Cryptocurrency exchange Binance has added support for Segregated Witness (SegWit) deposits, three and a half years after SegWit was activated on the Bitcoin network. The firm announced their integration in a blog post on Wednesday.
SegWit is Bitcoin's possibly largest protocol upgrade to date, as it has introduced a number of improvements to Bitcoin's performance. The proposal originally sought to fix an anomaly in the Bitcoin protocol that, while mostly harmless to the network itself, prevented the straightforward deployment of second layer solutions such as the Lightning Network.
SegWit further enabled fee savings for users by increasing Bitcoin’s theoretical block size to four megabytes (although more realistically to around two megabytes) and introduced “script versioning,” a protocol extension that paved the way for the integration of further scaling and privacy solutions such as Schnorr Signatures and Taproot.
Binance's integration comes in the form of an added deposit option, allowing Bitcoin users to select SegWit addresses (commonly called bech32 addresses) when sending funds to the exchange.

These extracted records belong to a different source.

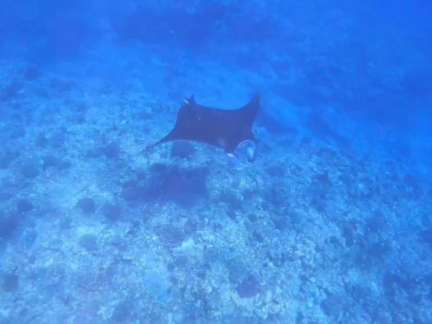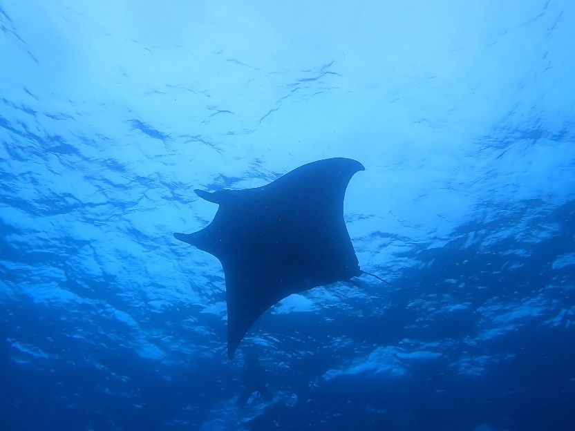 マンタは泳ぎが速く、一瞬で通りすぎていったため写真は見切れてしまいましたが遭遇できて本当にラッキーでした!
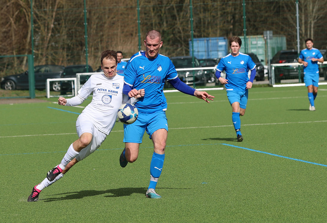 Im ersten Durchgang hatte es der VfR mit einem gleichwertigen Gegner zu tun und einem übermächtigen. Gegen den gleichwertigen konnte man spielerisch dagegenhalten, gegen den übermächtigen war man fast machtlos. Starke Windböen machten den Gästen in der ersten Hälfte nämlich ziemlich zu schaffen. „Das hatte null mit Fußball zu tun“, so Marienhagens Trainer Markus Hayer. „Der Ball kam einfach immer wieder.“ Im zweiten Durchgang habe man den Gegner mit Unterstützung „von oben“ förmlich hinten reingedrückt, obwohl die Hausherren unmittelbar nach dem Wiederanpfiff in Führung gegangen waren. „Da haben wir dann deutlich mehr investiert und mit einer Umstellung auf 'weit und hoch' auch Erfolg gehabt.“ Nico Palausch und Lars Quadflieg drehten die Begegnung zugunsten des VfR. „Ein Remis wäre vielleicht gerechter gewesen. Aber wir waren in der zweiten Halbzeit nicht mutig genug“, ärgerte sich Biesfelds Trainer Maurice Velten.
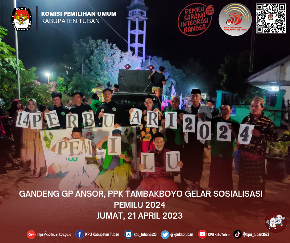 Tuban, kab-tuban.kpu.go.id - Dalam rangkaian sosialisasi Pemilu 2024, Panitia Pemilihan Kecamatan (PPK) Tambakboyo menggandeng Pengurus Ranting GP Ansor Desa Sawir yang bertepatan dengan acara pelaksanaan Gema Takbir Keliling di jalanan Desa Sawir, Jumat (21/04/2023). Dalam acara tersebut, diikuti kurang lebih oleh 300 peserta yang terdiri dari beberapa lembaga dan komunitas, diantaranya adalah Pengurus Ranting GP Ansor Desa Sawir, Gabungan TPQ Desa Sawir, dan Pagar Nusa Ranting Desa Sawir. Nurul Mubtadiin, Anggota PPK Tambakboyo yang membidangi Divisi Sosdiklih, Pamas, dan SDM menjelaskan, bahwa masyarakat berhak mendapatkan edukasi atau sosialisasi agar mau menggunakan hak pilihnya. "Kami dari PPK Tambakboyo, tentunya akan bekerja semaksimal mungkin agar masyarakat dapat tercerahkan dan mau menggunakan hak pilihnya. Oleh karenanya, jika sosialisasi dilakukan secara maksimal, maka kami yakin dapat meminimalisir tingkat golput di masyarakat," papar Kang Diin, panggilan akrabnya. Hal senada juga disampaikan oleh Ketua panitia acara Gema Takbir Keliling, Syariful Anam yang berharap agar masyarakat tidak skeptis dengan pesta politik lima tahunan. "Saya selaku Pimpinan Ranting GP Ansor Desa Sawir berharap masyarakat antusias dengan adanya sosialisasi yang diselenggarakan oleh PPK Tambakboyo. Pada Pemilu 2024 nanti, kami berharap bisa mendapatkan pemimpin yang menjadikan Indonesia menjadi negeri yang Baldatun Thoyyibatun wa Robbun Ghofur," tukas Syariful. Seperti diketahui, dalam acara sosialisasi tersebut, masyatakat memberikan respon yang positif kepada PPK Tambakboyo beserta jajaran. (nun/humas)
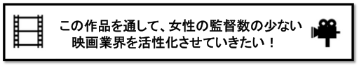 完成後は、あいち国際女性映画祭など、女性の活躍するフェスティバルにも積極的に応募します。まだ女性の監督数の少ない映画業界を活性化させていきたいと思っております。
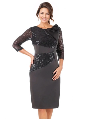 Sukienka damska 14333, czarna kreacja z koronkowymi rękawami.
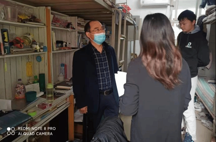 刘寒冰每进入一间宿舍,都会深入细致地检查用电安全及卫生情况,并与学生亲切的交谈,详细了解学生们的思想动态及生活状况,认真听取了学生们对宿舍和生活服务设施的意见,并对学生宿舍环境卫生、宿舍文化建设、宿舍学风建设进行了现场指导。他嘱咐同学们一定要严格遵守学校宿舍管理相关规定,不使用违规电器,尤其是在夏天来临之际要更加注意用电安全,保证人走电断。同时,他建议学生一定要提高宿舍公共卫生和个人卫生水平,要多锻炼、勤洗手、常通风,扎实做好卫生防疫工作。
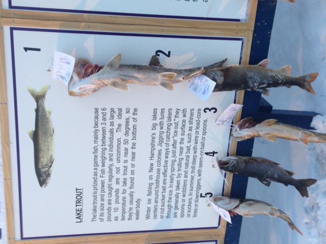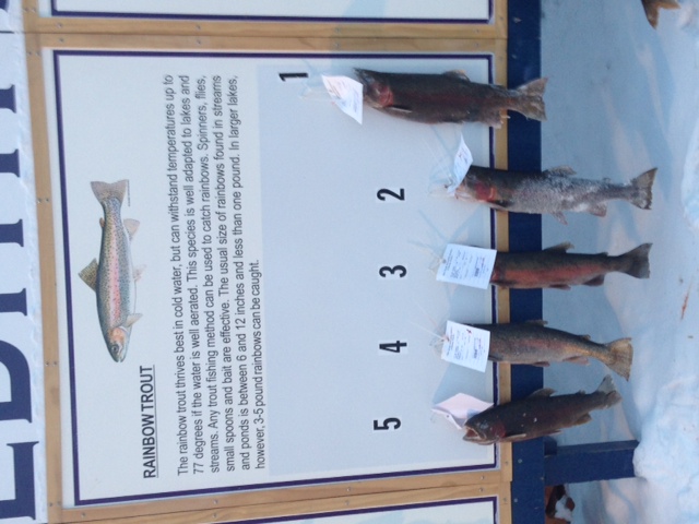 The Lake Trout and Rainbow Trout boards from the end of the day Saturday. The winning laker was 10.5lbs!!
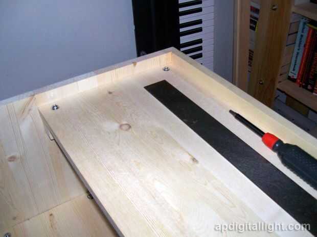 Para hacer más estable y rígida una de 6 "x 60" tabla de piano sujetas a parte inferior de los paneles laterales.
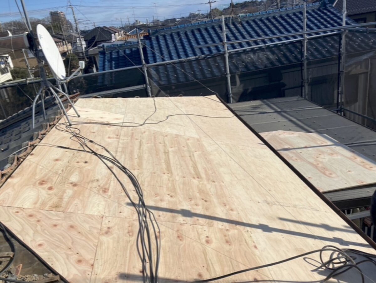 下地を整えたうえで野地板を施工しました。
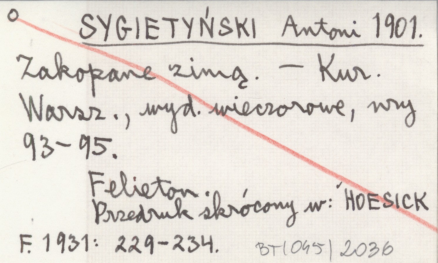 Kurier Warszawski, Wydanie wieczorne, nr 93-95. Felieton. Przedruk skrócony w: HOESICK F. 1931: 229-234.
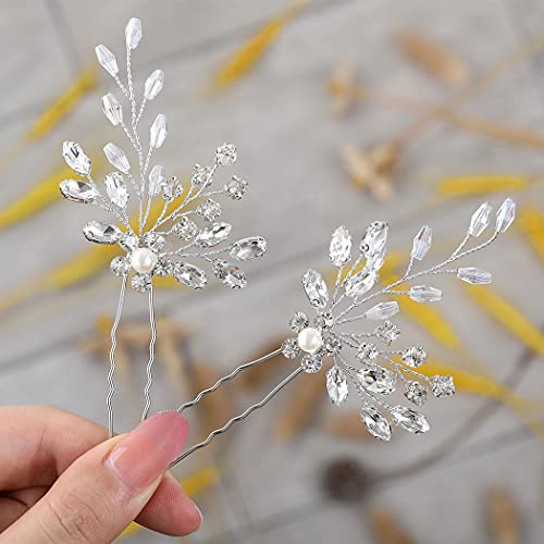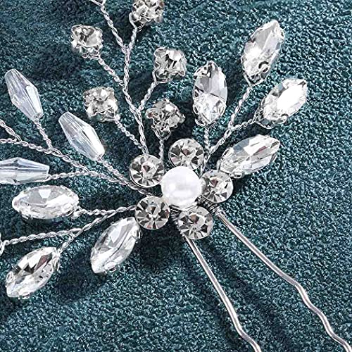 Runmi, forcine per capelli da sposa, accessori per capelli da sposa, in argento, con cristalli, per donne e ragazze (2 pezzi)
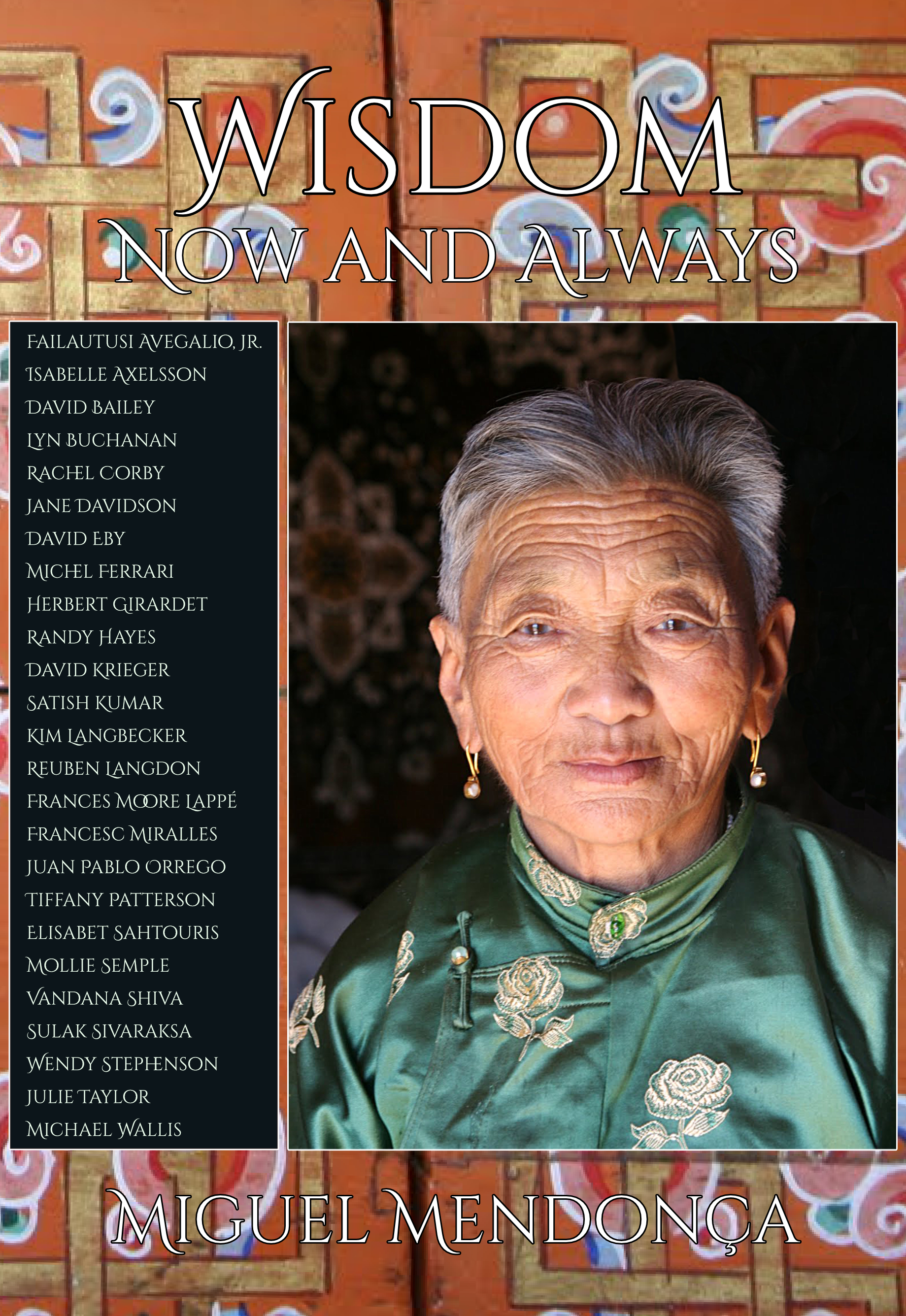 The 25 contributors are: Failautusi Avegalio Jr., Isabelle Axelsson, David Bailey, Lyn Buchanan, Rachel Corby, Jane Davidson, David Eby, Michel Ferrari, Herbert Girardet, Randy Hayes, David Krieger, Satish Kumar, Kim Langbecker, Reuben Langdon, Frances Moore Lappe, Francesc Miralles, Juan Pablo Orrego, Tiffany Patterson, Elisabet Sahtouris, Mollie Semple, Vandana Shiva, Sulak Sivaraksa, Wendy Stephenson, Julie Taylor and Mike Wallis. They have more than 1,500 years of collective life experience, across three generations. They represent a wide range of professional backgrounds, including education, governance, the military, science, industry, the arts, journalism, activism and nonprofit, religion and spirituality. Between them they have traveled to most of the countries of the world. They come from 11 nations, on five continents, and speak at least 10 languages. They have produced around 200 books, which have sold millions of copies. Their careers have benefited countless people. I feel incredibly grateful to have brought them together for this project, and it has been a hugely life-affirming experience. I believe we have collectively moved toward a solid sense of wisdom, and its shared benefit, now and always. My greatest wish is that this book will help the reader recognize, cultivate and share their own wisdom.

A SegWit integration had been long-requested by the Bitcoin community, as Binance services a large number of customers that were previously limited to using the exchange with legacy addresses.
While it is unclear why Binance opted to integrate SegWit later than other exchanges, for some industry participants, it has to do with the technical effort needed to implement the upgrade, which requires more time and overhead for large companies and may not be every firm’s top priority.
Prior to Binance adding SegWit support, exchanges such as Bitfinex, BitMEX, Gemini, and Bitstamp had integrated the upgrade. Other service providers such as Blockchain.com have not yet added support for SegWit.
Binance's SegWit integration may eventually be reflected in SegWit's overall adoption that currently sits at around 46 percent, meaning just under half of all transactions on the Bitcoin network use SegWit.